ERIC HORVITZ: Hi, Ira, it's good to be back again.
FLATOW: Thank you. Tell me about - this new study that you did, you looked through the search results of Web users to find drug interactions.
HORVITZ: Yeah, so in general - well, a Pew study showed a few years ago that two-thirds of folks working with the Web are interested in health care. They're looking for health care information, they're doing self-diagnosis. We thought this would be a really interesting place to look for new kinds of medical knowledge to help the more traditional approaches to monitoring, for example, adverse side effects of drugs and drug interactions, post-marketing phase.
And this is typically a very complicated thing to study. So it's a collaborative work with close friends at Stanford. I'm working very closely with Ryen White, who's a fabulous collaborator at Microsoft Research. We looked at six million Web searchers and actually looked at - we're basically considering large-scale statistics with automated tools that are looking at queries made by people who consented to share their search activities with Microsoft for R&D purposes.
And we looked at 82 million queries, people querying on drugs and symptoms and so on, and we recognized an interaction between two drugs in the top 100 for U.S. - for the United States population. Paroxetine, which is a common antidepressant, and Pravastatin, known as Pravachol, a popular cholesterol-lowering drug, and found signs that these two drugs, when they interact, when they're both taken by the same person, in this case searched on by the same person, can cause a rise in blood sugar. Now - or hyperglycemia. Now to say...
FLATOW: And that was not known by the drug companies or published by the drug companies, let me put it that way.
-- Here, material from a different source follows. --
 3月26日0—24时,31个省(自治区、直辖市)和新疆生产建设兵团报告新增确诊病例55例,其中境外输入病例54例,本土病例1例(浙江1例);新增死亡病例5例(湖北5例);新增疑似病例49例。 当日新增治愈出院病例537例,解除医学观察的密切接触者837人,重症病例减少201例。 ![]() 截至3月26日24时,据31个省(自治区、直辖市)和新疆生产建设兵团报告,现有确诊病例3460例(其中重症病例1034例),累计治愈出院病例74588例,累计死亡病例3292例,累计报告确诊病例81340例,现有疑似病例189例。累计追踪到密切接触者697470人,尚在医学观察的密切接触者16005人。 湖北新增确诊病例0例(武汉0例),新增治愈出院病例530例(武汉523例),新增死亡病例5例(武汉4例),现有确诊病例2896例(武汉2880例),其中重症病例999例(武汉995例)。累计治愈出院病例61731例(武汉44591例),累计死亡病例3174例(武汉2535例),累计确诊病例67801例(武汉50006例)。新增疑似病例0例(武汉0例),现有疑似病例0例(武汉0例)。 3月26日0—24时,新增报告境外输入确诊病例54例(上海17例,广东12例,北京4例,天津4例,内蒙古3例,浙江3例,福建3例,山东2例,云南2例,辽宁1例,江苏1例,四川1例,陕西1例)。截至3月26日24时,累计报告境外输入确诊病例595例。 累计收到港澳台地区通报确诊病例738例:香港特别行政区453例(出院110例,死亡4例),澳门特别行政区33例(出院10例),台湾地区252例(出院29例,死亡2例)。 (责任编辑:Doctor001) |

HORVITZ: Well, here's the background, and let me frame this story a bit. So a team at Stanford had - going through an FDA database called AERS, A-E-R-S, the Adverse Event Reporting System, which is used by the FDA to collect and track side effects and interactions among drugs in the post-marketing phase - the team had recognized through statistical analysis previously unknown effects of those two drugs, Pravastatin and Pravachol - excuse me, Paroxetine and Pravastatin interacting to cause hyperglycemia, and they actually confirmed their finding statistically - this is a very intensive analysis - with electronic health records at three different medical sites and then working with actually even a mouse model.
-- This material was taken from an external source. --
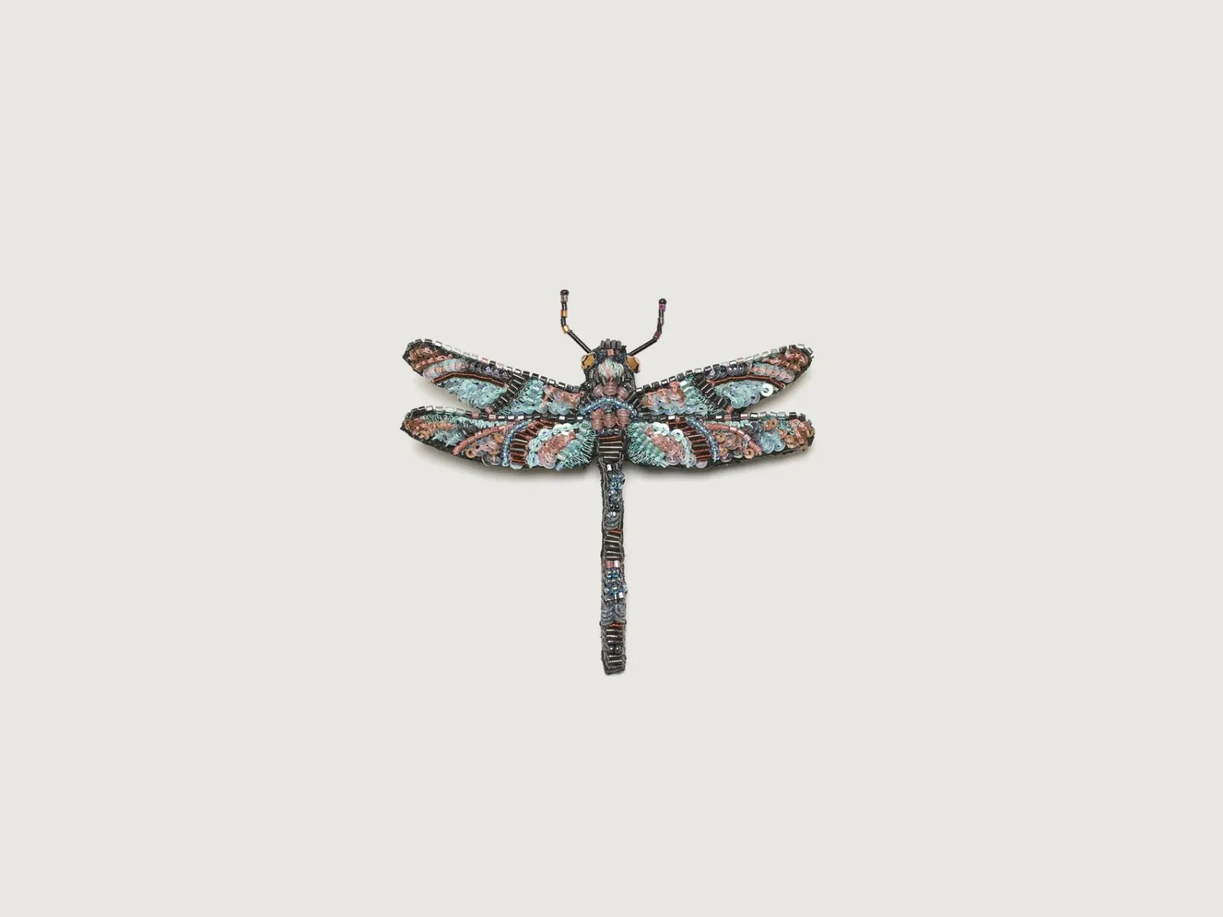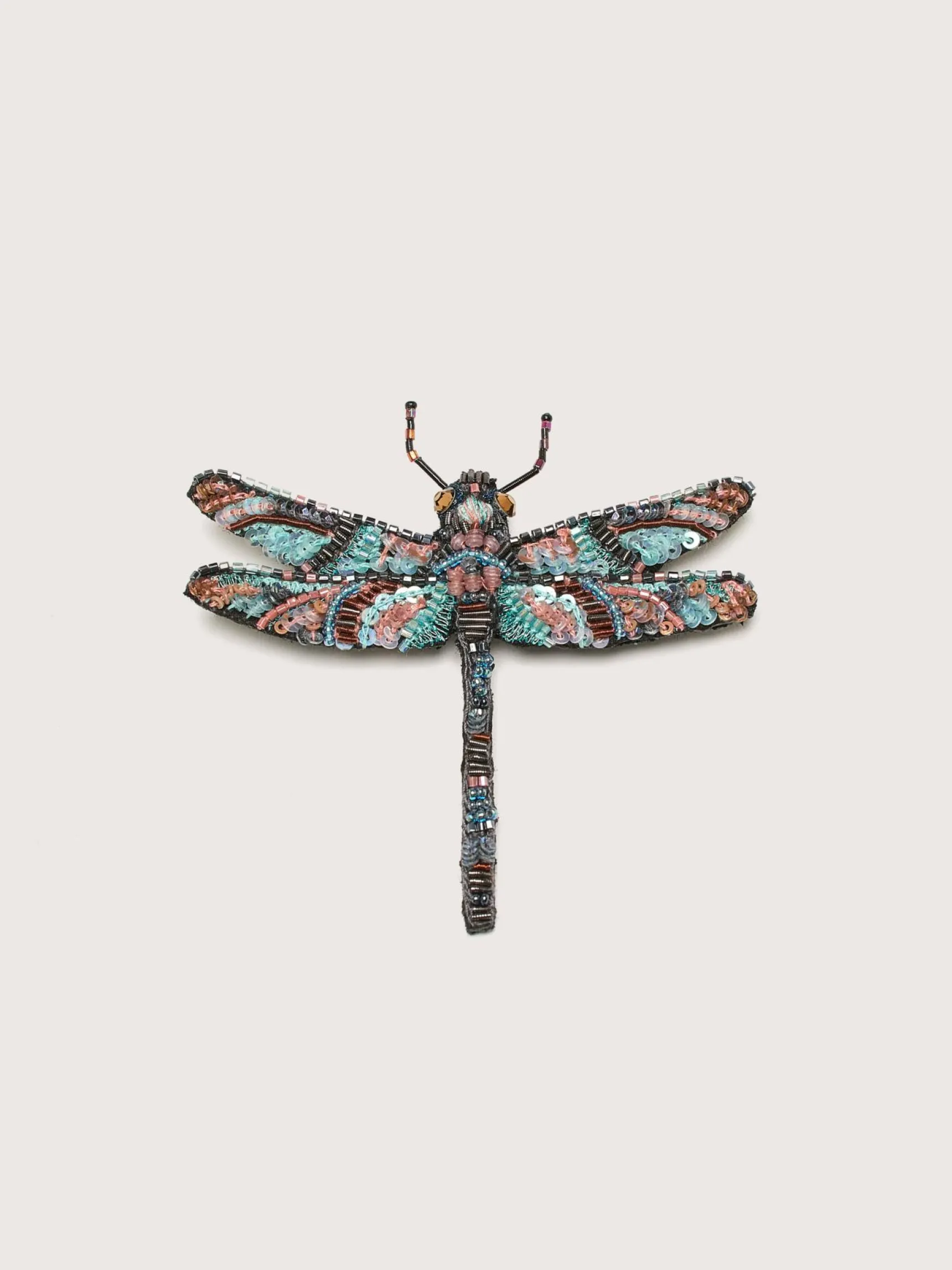 De Trovelore Jeweled Dragonfly Broche speld, met de hand geborduurd door Indiase ambachtslieden, is een prachtig draagbaar kunstwerk.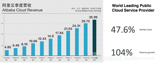 阿里云在近两年的发展非常迅速, 年营业额以104%的速度增长, 在2018财年的季度收入已经超过了30亿人民币, 国内市场占有率来到了47.6%, 成为了一个世界领先的公共云服务提供商. 阿里云全球的数据中心建设也囊括了各大洲的主要国家, 能够为全球各地的而用户提供云服务.

And this was published, this work was published in 2011. We said let's go back, working with our Stanford colleagues, let's go back to 2010, before this was published, before this was known, and look at 12 months of logs, search logs of these people who consented to share their logs and see if we can actually build a tool that would automatically recognize this side effect of these two drugs when they're both searched on, are linked to people who also search on terms you would search on if you were experiencing a variety of symptoms of hyperglycemia.
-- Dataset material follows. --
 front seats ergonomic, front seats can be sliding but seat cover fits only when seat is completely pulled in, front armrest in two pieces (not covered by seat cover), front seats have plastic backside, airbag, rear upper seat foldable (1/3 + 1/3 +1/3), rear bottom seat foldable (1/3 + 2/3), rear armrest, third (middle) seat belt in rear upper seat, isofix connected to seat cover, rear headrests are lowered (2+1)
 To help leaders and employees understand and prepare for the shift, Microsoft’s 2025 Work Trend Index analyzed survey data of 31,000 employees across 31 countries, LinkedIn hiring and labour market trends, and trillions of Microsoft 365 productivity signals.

And we found a significant bump compared to any - to people who were searching on one of the drugs.
FLATOW: 1-800-989-8255 is our number. So what you're saying in a larger scheme is that when people go online and search for things, you can use what they're searching for, by the logs that they leave behind in all those millions of searches, and you can find out stuff about the actions of drugs that we may not know of by...
HORVITZ: Exactly, and this is pretty exciting in a number of ways. Number one, obviously these are noisy signals. Not everybody searching on Paxil or Pravastatin are taking those drugs. But quite a few people who take them likely do search, sooner or later, especially when they might have side effects.
And on the large scale, large-scale statistics, which we find signal in the noise, you might call it, and not just that but the large-scale statistics is what we're interested in, and this actually is also great for protecting the privacy of any particular person.
FLATOW: Let's talk about how you could expand this. How could you expand this out into other health care?
HORVITZ: Well, this is a very good question, Ira, and we're very excited about a number of directions here. So for example, if you just take the same line of reasoning, you can imagine looking at medical devices post-marketing, and picking up clues or evidence that there is something going amiss for users. You know, does that CPAP machine cause tinnitus, for example?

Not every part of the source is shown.